Hoje, nas quatro aldeias de Kihnu, vivem permanentemente 350 pessoas — apesar de estarem registadas cerca de 700. Há 39 crianças matriculadas na escola básica da ilha. Em Manija, há apenas 25 habitantes. "Muitos vivem nas ilhas em tempo parcial", explica Anne Helene. "Aos 16 anos", conta, "é comum que as crianças saiam da ilha para frequentar a escola secundária, na Estónia continental". Geralmente não regressam. Deixam-se ficar por Talin ou Pärnu. Ou então emigram. "A educação é necessária, mas empregos que servem para pagar contas também." Esses escasseiam.
Mas existe, desde 2003, um motivo para ter esperança. Declarada pela UNESCO como Património Cultural Imaterial da Humanidade, Kihnu viu consagradas e reconhecidas as suas tradições, rituais, música, artesanato e dialecto local. Hoje, o turismo já garante o sustento a muitas famílias. "É um motivo para que as pessoas se fixem na ilha. Participam em performances de dança e música tradicionais, vendem artesanato, comida, exploram alojamentos e serviços como o aluguer de bicicletas. Tudo isto é, agora, parte do dia-a-dia." Mas não há bela sem senão. Até há poucos anos, as casas de Kihnu não tinham fechaduras. Uma vassoura encostada à porta de entrada sinalizava ausência do morador — e essa era respeitada por todos. "Hoje, os cadeados são usados para proteger as propriedades de turistas que não respeitam ou compreendem a vassoura."
O turismo é fonte de rendimento, mas também de preocupação.
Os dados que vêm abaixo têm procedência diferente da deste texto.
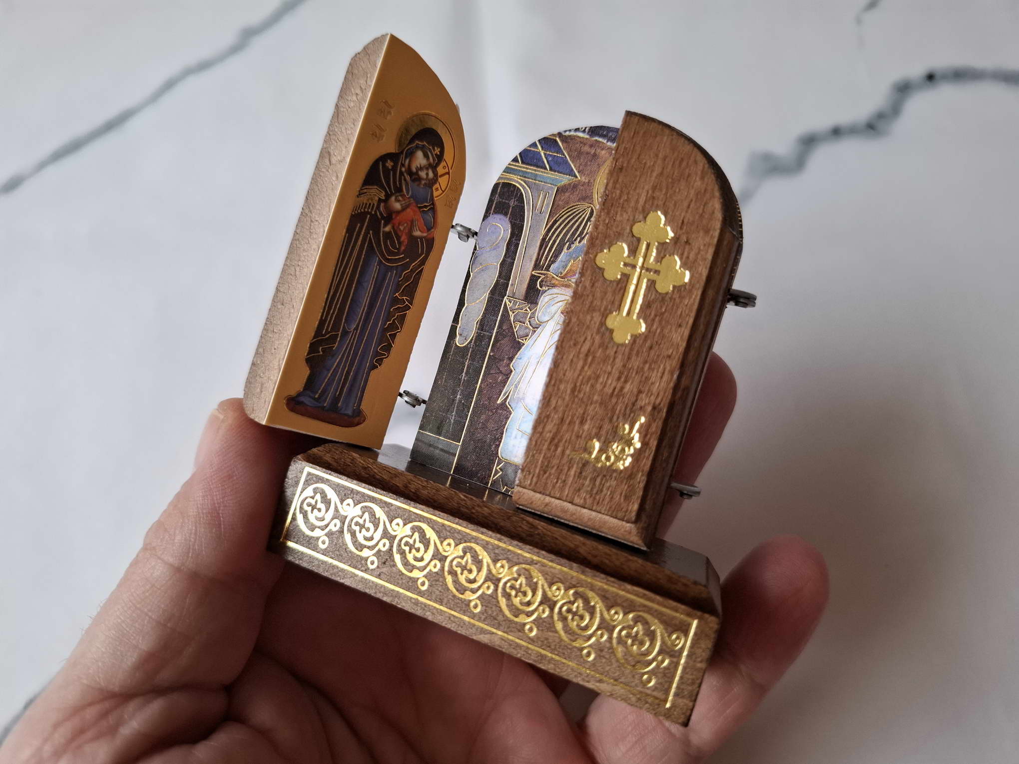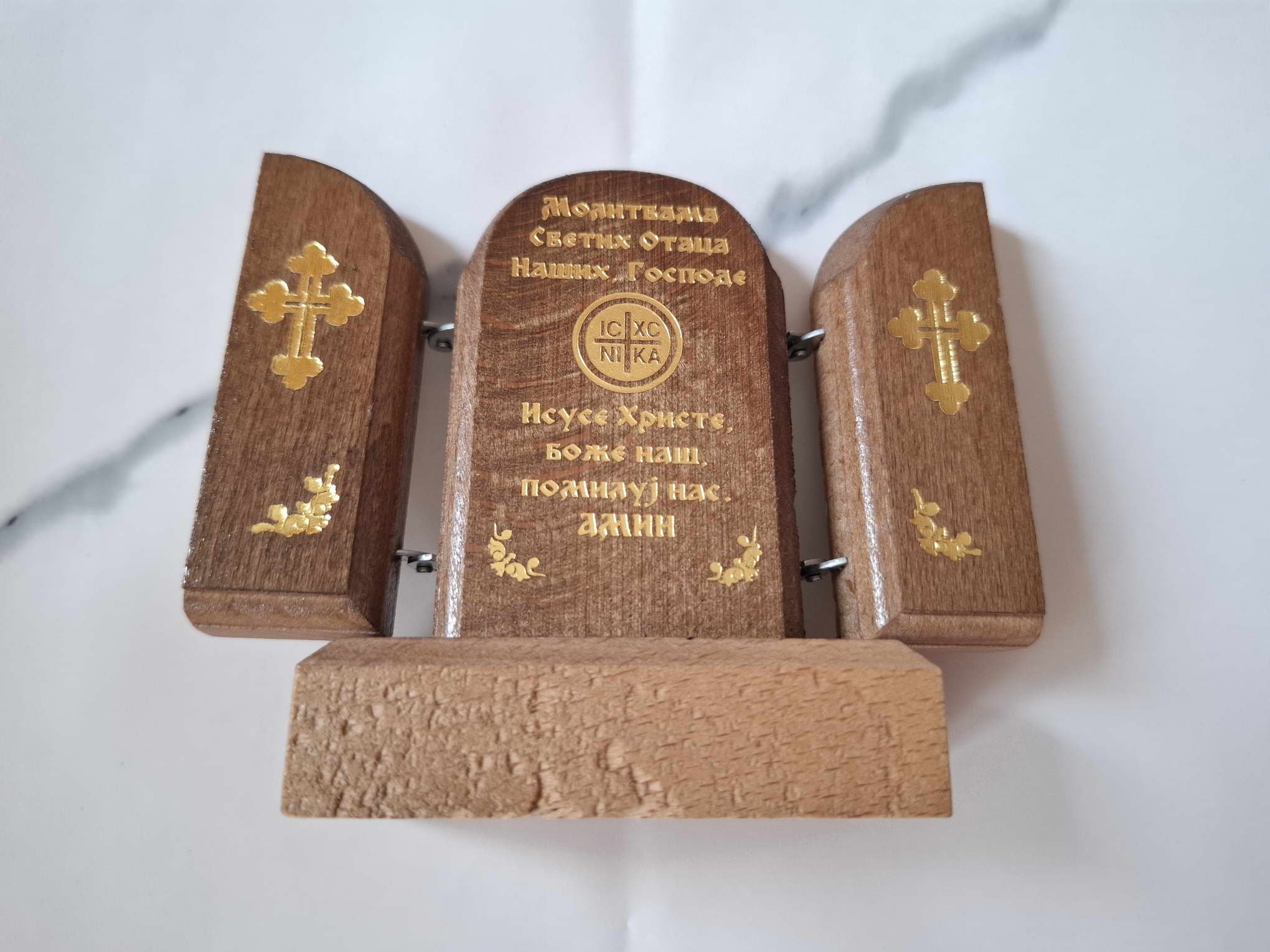 A very beautiful Serbian Orthodox triptych prayer icon. You can keep it on your desk or it can be a nice gift for your friend or relative. A priest of the Orthodox Church consecrated the icon.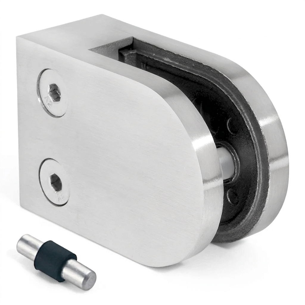 Le corps du support est fabriqué en acier inoxydable AISI 304 — un alliage résistant à la corrosion, adapté aussi bien aux applications intérieures qu'extérieures. La finition polie (miroir) lui confère un aspect élégant, en parfaite harmonie avec les aménagements modernes intégrant du verre. Le joint en caoutchouc intérieur assure un maintien sûr du verre sans risque de rayures. Deux vis à six pans creux permettent un réglage précis de la pression de serrage — sans avoir à démonter l'ensemble du support, ce qui accélère considérablement les travaux de montage et les éventuelles corrections sur chantier.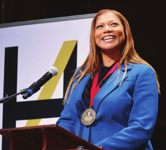 Actress and musician Queen Latifah received the W.E.B. DuBois Medal from Harvard University’s Hutchins Center for Afircan and African American Research. The medal is Harvard University’s highest honor in African and African American studies. See also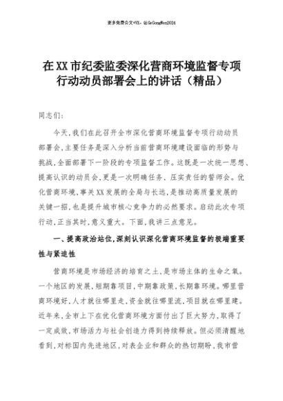 【七哥公文】2025年:在XX市纪委监委深化营商环境监督专项行动动员部署会上的讲话(精品)+更多免费公文+VX:QiGeGongWen2024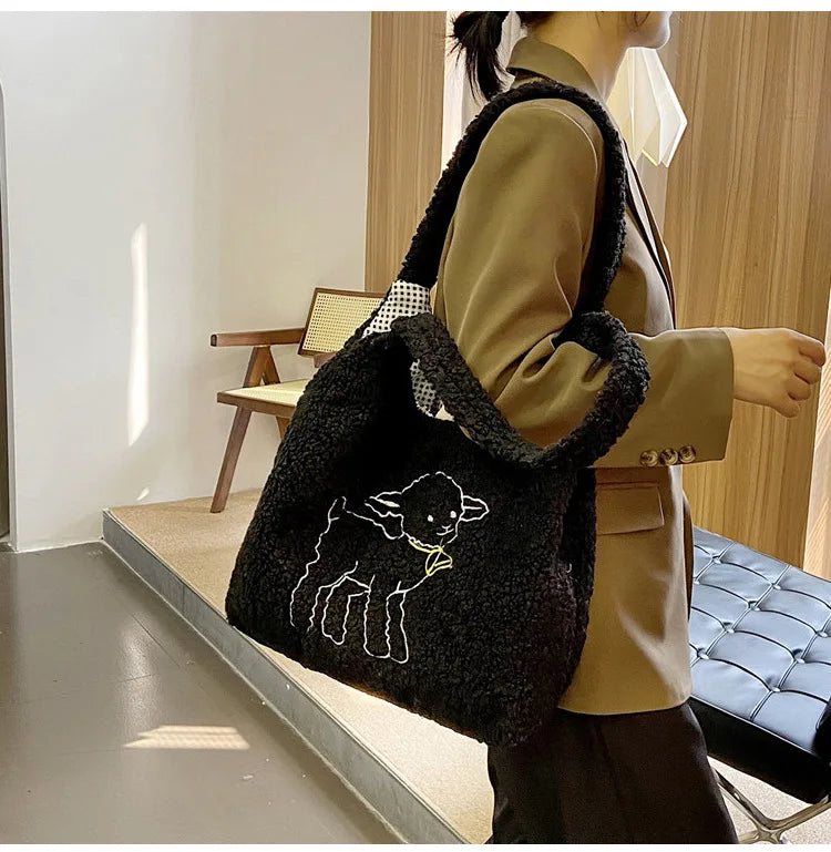 Lamb Fabric Women's Shoulder Bags Large Capacity Embroidery Handbag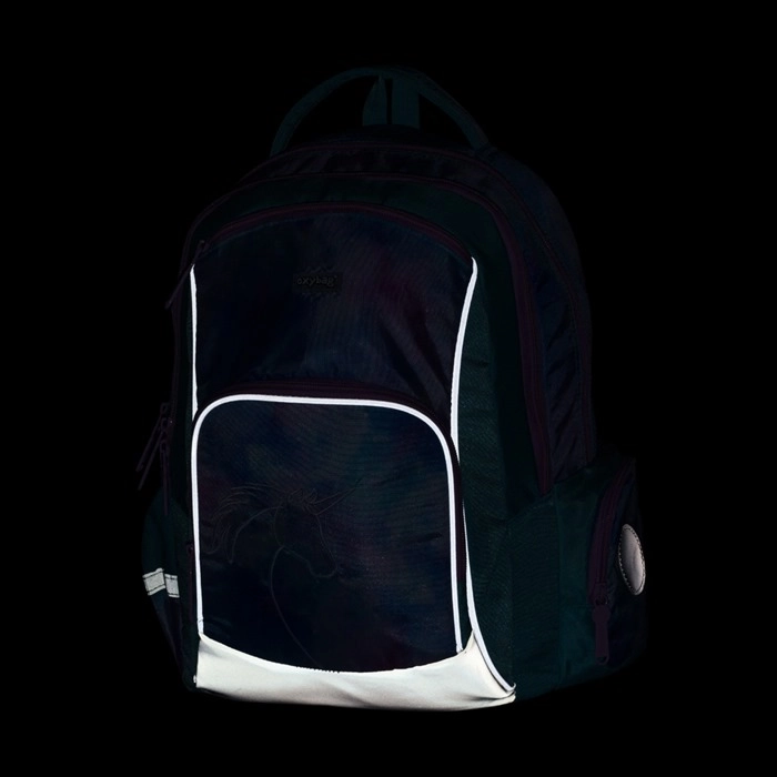 Oxy Go Unicorn je lahek in hkrati prostoren šolski nahrbtnik, idealen za prvi triletnik (1.–3. razred) in višino otroka od 125 cm. Zahvaljujoč ergonomskemu hrbtnemu panelu in oblazinjenim ramenskim naramnicam nudi največje udobje tudi pri polni obremenitvi. Pastelni “unicorn” dizajn z galaktičnim vzorcem nahrbtniku daje izviren videz, ki ga bodo otroci vzljubili.

Se, por um lado, vender as tradições e transmitir conhecimento é uma forma de manter viva a cultura de Kihnu, por outro começa a mudar a face da ilha. "Hoje em dia, as quintas têm quase todas uma placa com um nome e há muitos locais para pernoitar. O museu local foi renovado e desenvolve actividades regularmente. Há visitas guiadas realizadas por mulheres com enfoque na cultura." Anne Helene considera o local "demasiado turístico" durante o Verão. "Para turistas tradicionais, isso não será um problema, mas para pessoas que, como eu, se interessam por história e cultura dos locais, será preferível ir noutras estações do ano." Foi por ter interesse na história do local que se debruçou sobre a vida de 35 mulheres idosas "e as tradições que, em breve, estarão extintas". Das 35 mulheres que retratou, apenas dez se mantêm vivas.